La risposta della banca dati in uso alle forze di polizia ha rivelato precedenti penali a carico del più giovane, un 25enne, di loro e frequenti controlli dei due con soggetti legati al mondo degli stupefacenti. La pronta disponibilità di un’unità cinofila della Guardia di Finanza ha permesso, poi, ai militari di poter “approfondire” l’ispezione.

 

E' così intervenuto Nabuco, questo il nome del cane, che ha perquisito l'auto fiutando, e segnalando a suo modo, la possibile presenza di droga, in corrispondenza del sedile occupato dal passeggero. Il giovane è stato per questo condotto alla compagnia di Cles e perquisito. Addosso, nascosto tra gli indumenti intimi, celava un involucro in cellophane contenente 105 grammi di cocaina.
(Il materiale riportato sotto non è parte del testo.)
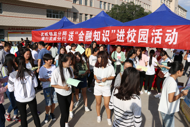 為幫助和引導(dǎo)大學(xué)生群體牢固樹立金融安全意識,9月13日下午,武威銀監(jiān)分局聯(lián)合建行武威分行在武威職業(yè)學(xué)院尚德樓南操場開展了“送金融知識進(jìn)校園”宣傳活動。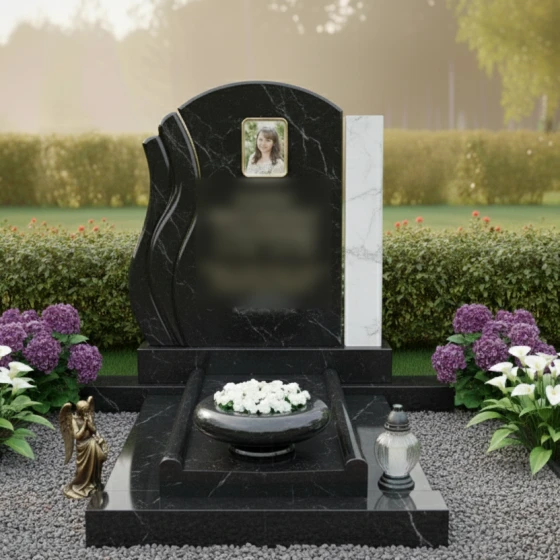 Представленный мемориальный ансамбль, артикул ПН 145, представляет собой гармоничное сочетание классической элегантности и глубокого символизма. Центральная стела выполнена в форме асимметричной арки, где левая сторона плавно изгибается вверх, создавая ощущение легкого, возносящегося движения. Этот изгиб, напоминающий мягкую волну или струящуюся драпировку, придает изделию особую динамику, несмотря на статичность камня. Правая сторона стелы представляет собой строгую, вытянутую вверх колонну, контрастирующую с плавностью левой части и придающую всей композиции устойчивость и величественность. Грани стелы тщательно отполированы до зеркального блеска, что создает завораживающую игру света и тени, подчеркивая глубину черного гранита. В верхней части левой, волнообразной части стелы, расположено овальное обрамление для портрета, выполненное с филигранной точностью и деликатностью. Оно словно заключает в себе лик ушедшего, оберегая его от течения времени. Нижняя часть стелы украшена изящным резным элементом, напоминающим легкую, почти невесомую вуаль, которая лишь подчеркивает общую утонченность дизайна.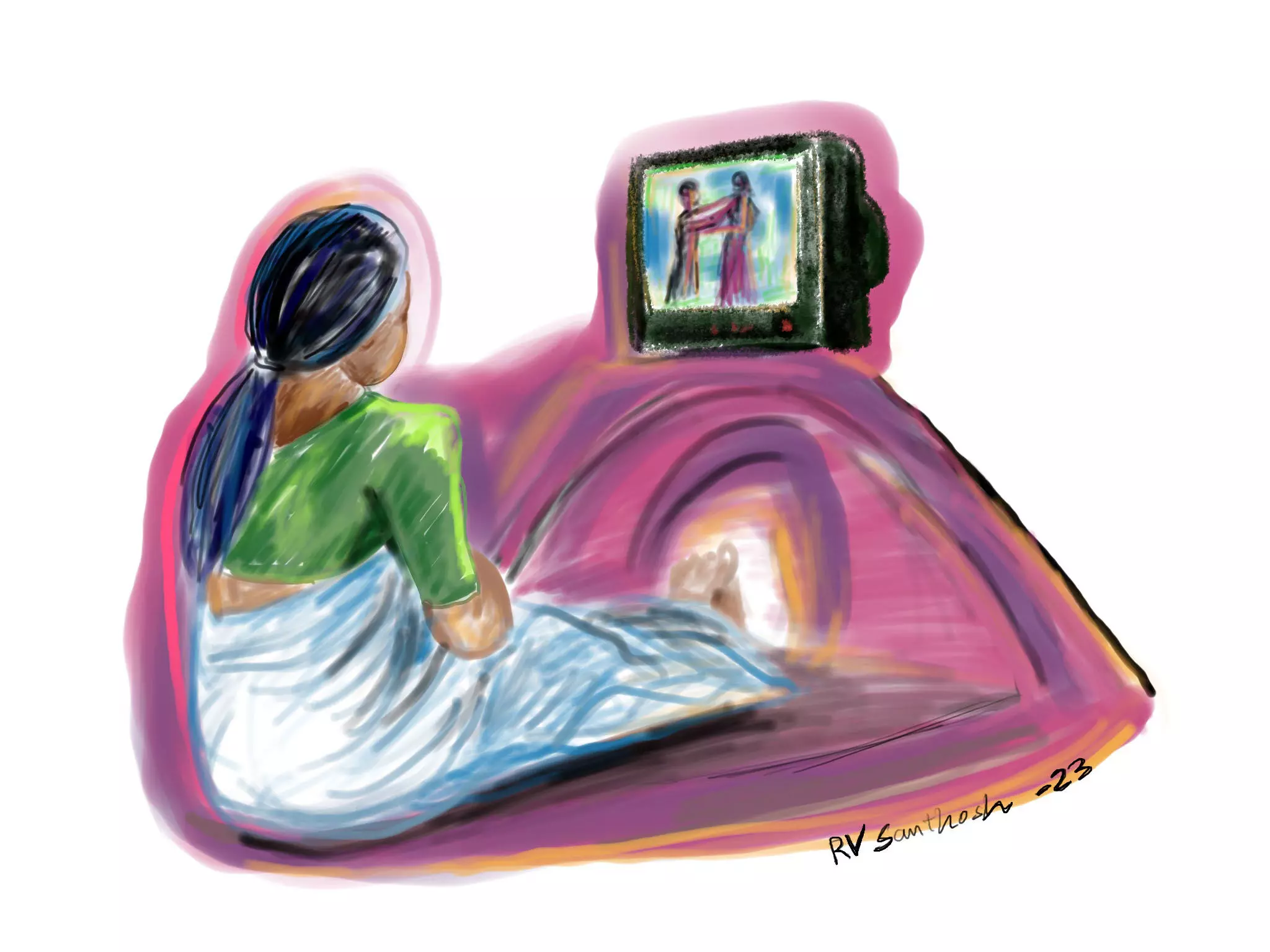 ‘‘പൊല്ലാപ്പോ? ഇങ്ങനെയൊക്കെ പല ബുദ്ധിമുട്ടുകൾ സഹിച്ചെടുക്കുന്നതാ നിങ്ങൾ ടി.വി ഓൺ ചെയ്യുമ്പോൾ കാണുന്നെ. ആട്ടെ, ഹസ്ബൻഡിന്റെ ശല്യം ഇപ്പോഴുമുണ്ടോ?’’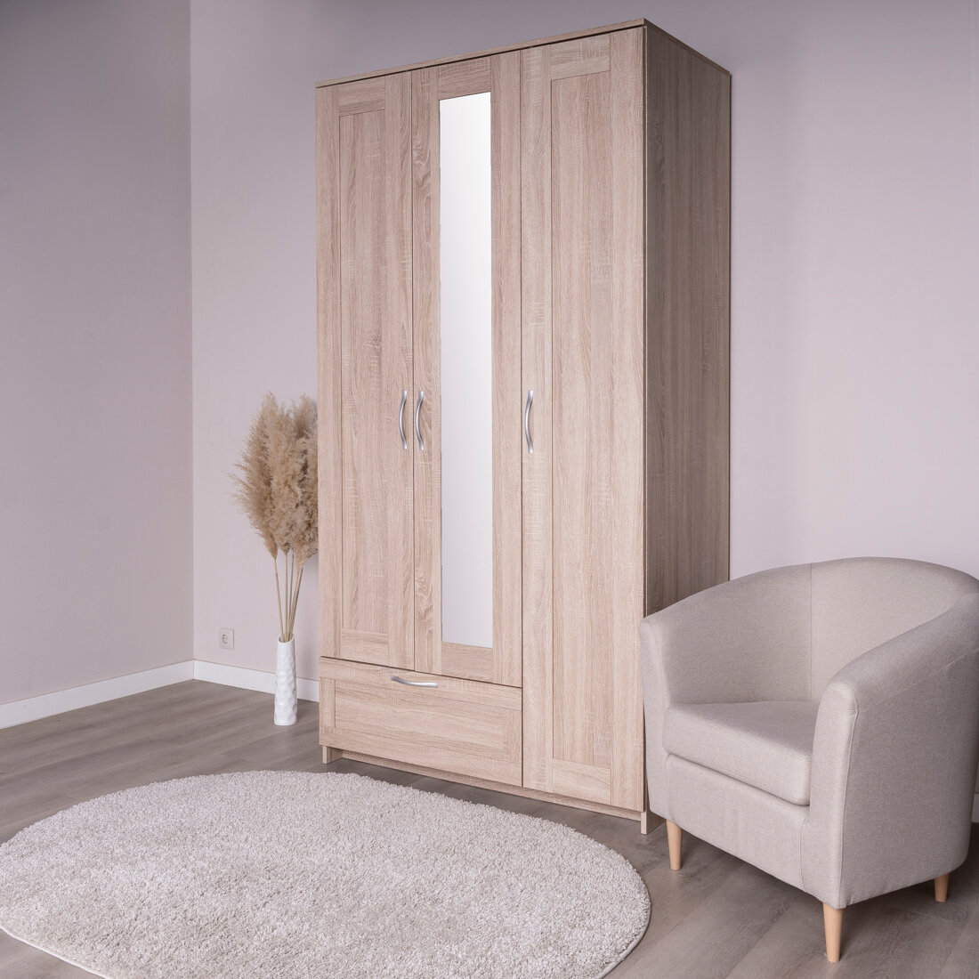СохранитьШкаф ГУД ЛАКК Сириус, 3 двери и 1 ящик с зеркалом, 220х117х59 см, дуб сонома интересное: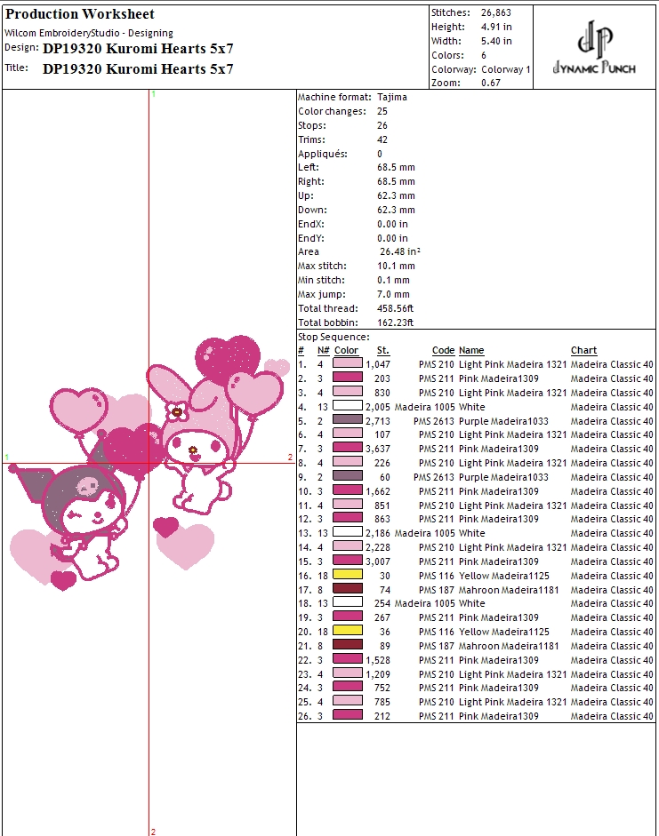 File Formats: DST, PES, JEF, HUS, PDF (Production Sheet).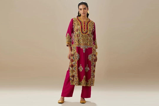 Magenta Mogra Kurta Set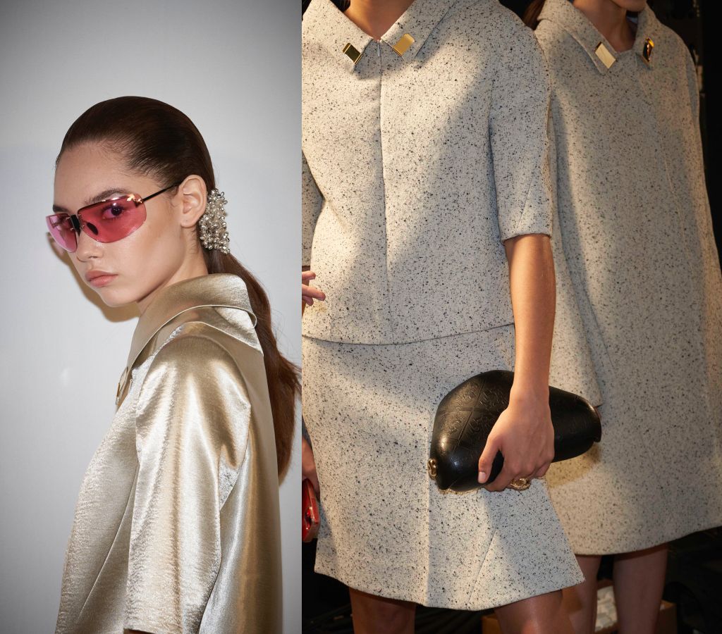 簡潔幹練的廓形藉由精心設計細節得到煥新演繹。西裝外套與束腰上衣採用弧形線條設計,袖子飾有裂口露出部分肌膚,營造優雅動態美。洋裝與半身裙採用垂褶與束結設計,力求突出服飾自然形態而非廓形。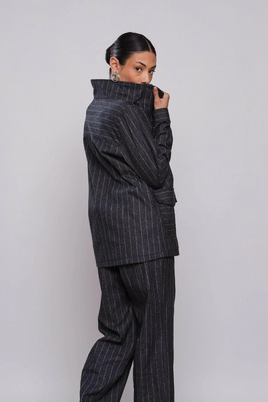A Jaqueta Maxi Jeans Chalk Gray da Rubinella é a peça perfeita para quem busca um estilo moderno e despojado. Com uma modelagem ampla e alongada, esta jaqueta proporciona conforto sem abrir mão da elegância. Os bolsos sobrepostos, com um jogo de listras em diferentes direções, conferem um toque dinâmico e contemporâneo ao visual. A gola alongada pode ser usada de duas formas: fechada, para um look mais sofisticado, ou aberta, criando uma lapela ampla e imponente.

R.A. (queste le sue iniziali) è così stato tratto in arresto e condotto al carcere di Spini di Gardolo.

 

Le indagini, naturalmente, non possono dirsi concluse. I Carabinieri di Cles lavoreranno per cercare di dare un nome alla persona, o alle persone, a cui la droga sequestrata (lo stupefacente, alla vendita, avrebbe potuto fruttare oltre diecimila euro) era destinata, come pure di circostanziare la correità dell’accompagnatore, persone comunque deferita a piede libero per un supposto concorso nel reato.